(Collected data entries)

——————————

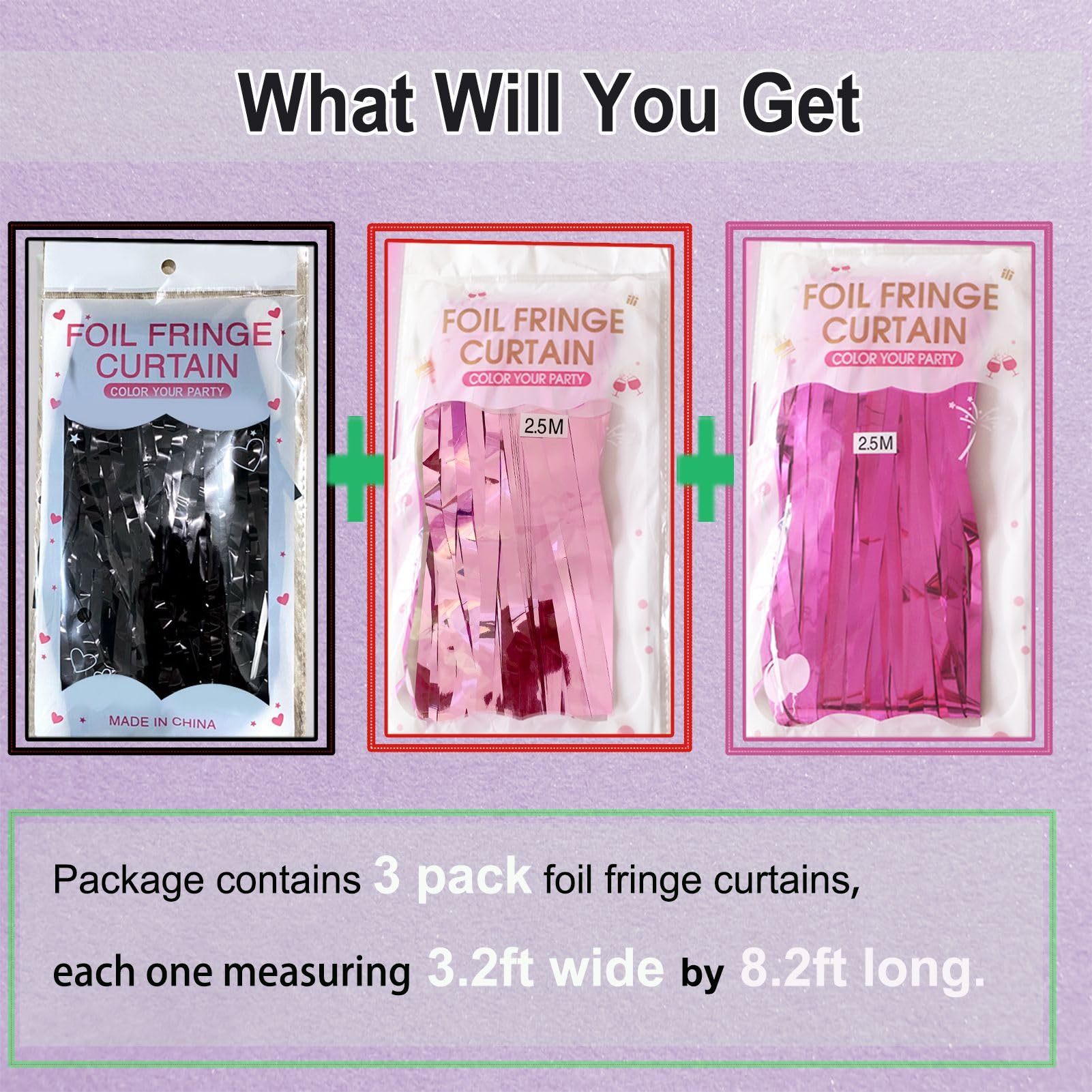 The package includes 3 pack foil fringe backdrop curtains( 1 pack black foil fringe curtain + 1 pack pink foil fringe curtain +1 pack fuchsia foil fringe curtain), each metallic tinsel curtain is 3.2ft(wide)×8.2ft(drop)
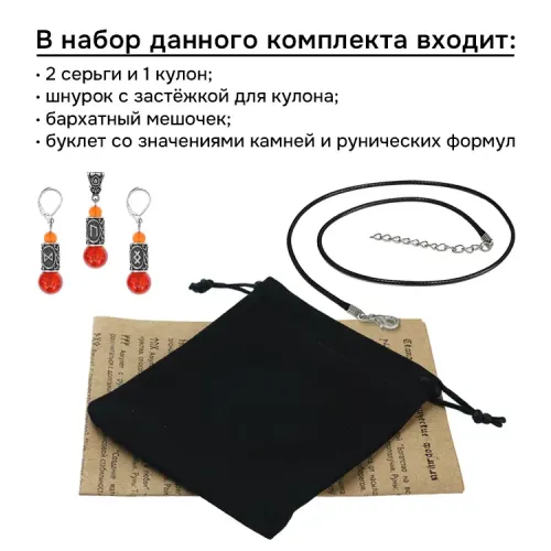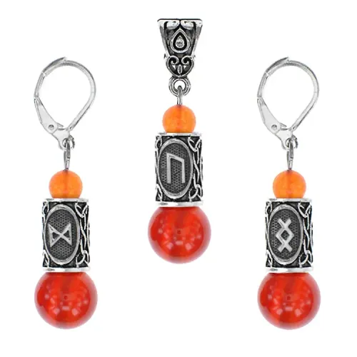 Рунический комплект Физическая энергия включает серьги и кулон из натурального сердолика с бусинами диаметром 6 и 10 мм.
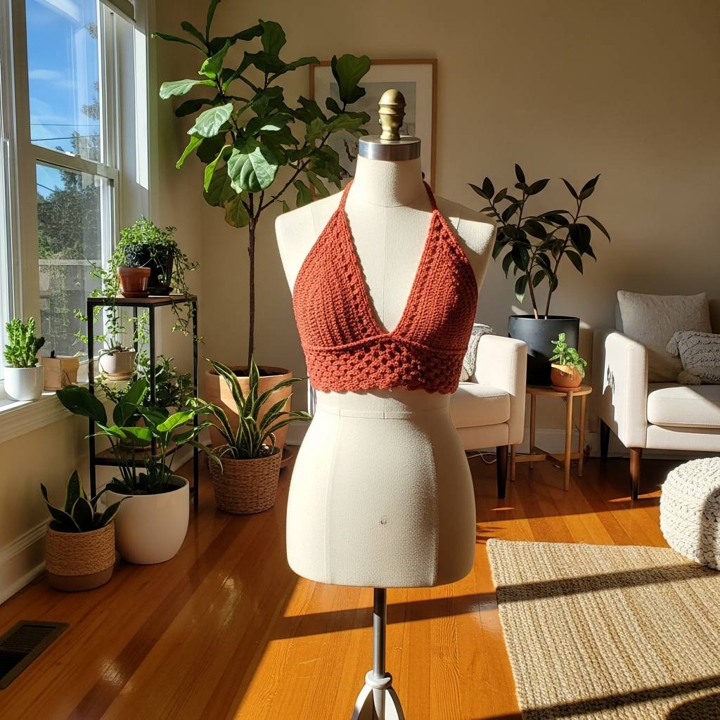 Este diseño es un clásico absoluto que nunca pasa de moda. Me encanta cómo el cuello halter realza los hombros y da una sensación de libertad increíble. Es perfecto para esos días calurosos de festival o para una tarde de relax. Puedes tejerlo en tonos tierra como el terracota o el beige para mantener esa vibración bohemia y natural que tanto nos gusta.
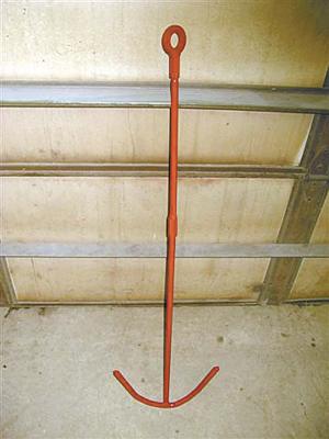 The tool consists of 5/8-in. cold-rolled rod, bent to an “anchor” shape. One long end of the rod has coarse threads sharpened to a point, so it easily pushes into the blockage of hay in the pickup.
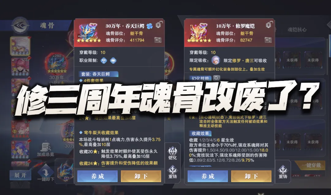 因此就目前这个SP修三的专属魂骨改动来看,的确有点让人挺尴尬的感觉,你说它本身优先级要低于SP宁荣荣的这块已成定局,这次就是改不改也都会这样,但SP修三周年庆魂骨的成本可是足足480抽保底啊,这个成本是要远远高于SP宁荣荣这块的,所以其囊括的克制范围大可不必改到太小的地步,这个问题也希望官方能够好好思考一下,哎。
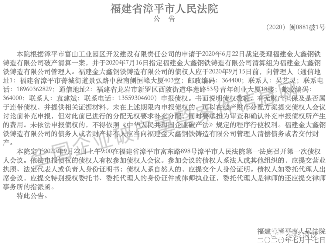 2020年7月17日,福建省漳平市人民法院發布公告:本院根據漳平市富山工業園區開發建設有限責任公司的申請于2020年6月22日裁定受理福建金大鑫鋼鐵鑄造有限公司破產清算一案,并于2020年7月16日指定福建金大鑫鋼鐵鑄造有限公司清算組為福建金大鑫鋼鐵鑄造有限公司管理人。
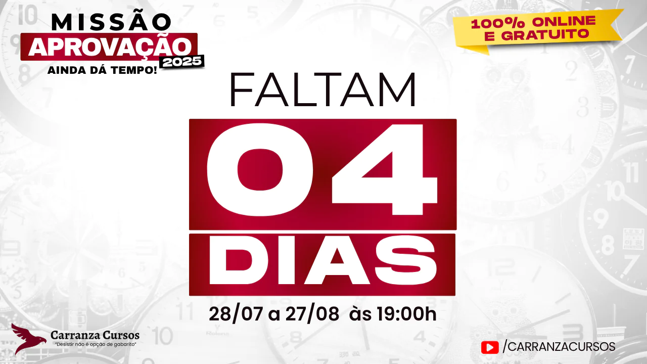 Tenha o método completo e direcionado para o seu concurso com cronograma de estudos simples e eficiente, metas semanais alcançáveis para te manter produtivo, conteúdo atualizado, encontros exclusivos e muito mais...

——————————

> **Exercise requirements**:
Reproduce only the lines between the line with "Рунический комплект Физическая" and the final line of the records, both included, so that the copy matches them exactly and contains no pictures.

> **Worked solution**:
 Рунический комплект Физическая энергия включает серьги и кулон из натурального сердолика с бусинами диаметром 6 и 10 мм.
 Este diseño es un clásico absoluto que nunca pasa de moda. Me encanta cómo el cuello halter realza los hombros y da una sensación de libertad increíble. Es perfecto para esos días calurosos de festival o para una tarde de relax. Puedes tejerlo en tonos tierra como el terracota o el beige para mantener esa vibración bohemia y natural que tanto nos gusta.
 The tool consists of 5/8-in. cold-rolled rod, bent to an “anchor” shape. One long end of the rod has coarse threads sharpened to a point, so it easily pushes into the blockage of hay in the pickup.
 因此就目前这个SP修三的专属魂骨改动来看,的确有点让人挺尴尬的感觉,你说它本身优先级要低于SP宁荣荣的这块已成定局,这次就是改不改也都会这样,但SP修三周年庆魂骨的成本可是足足480抽保底啊,这个成本是要远远高于SP宁荣荣这块的,所以其囊括的克制范围大可不必改到太小的地步,这个问题也希望官方能够好好思考一下,哎。
 2020年7月17日,福建省漳平市人民法院發布公告:本院根據漳平市富山工業園區開發建設有限責任公司的申請于2020年6月22日裁定受理福建金大鑫鋼鐵鑄造有限公司破產清算一案,并于2020年7月16日指定福建金大鑫鋼鐵鑄造有限公司清算組為福建金大鑫鋼鐵鑄造有限公司管理人。
 Tenha o método completo e direcionado para o seu concurso com cronograma de estudos simples e eficiente, metas semanais alcançáveis para te manter produtivo, conteúdo atualizado, encontros exclusivos e muito mais...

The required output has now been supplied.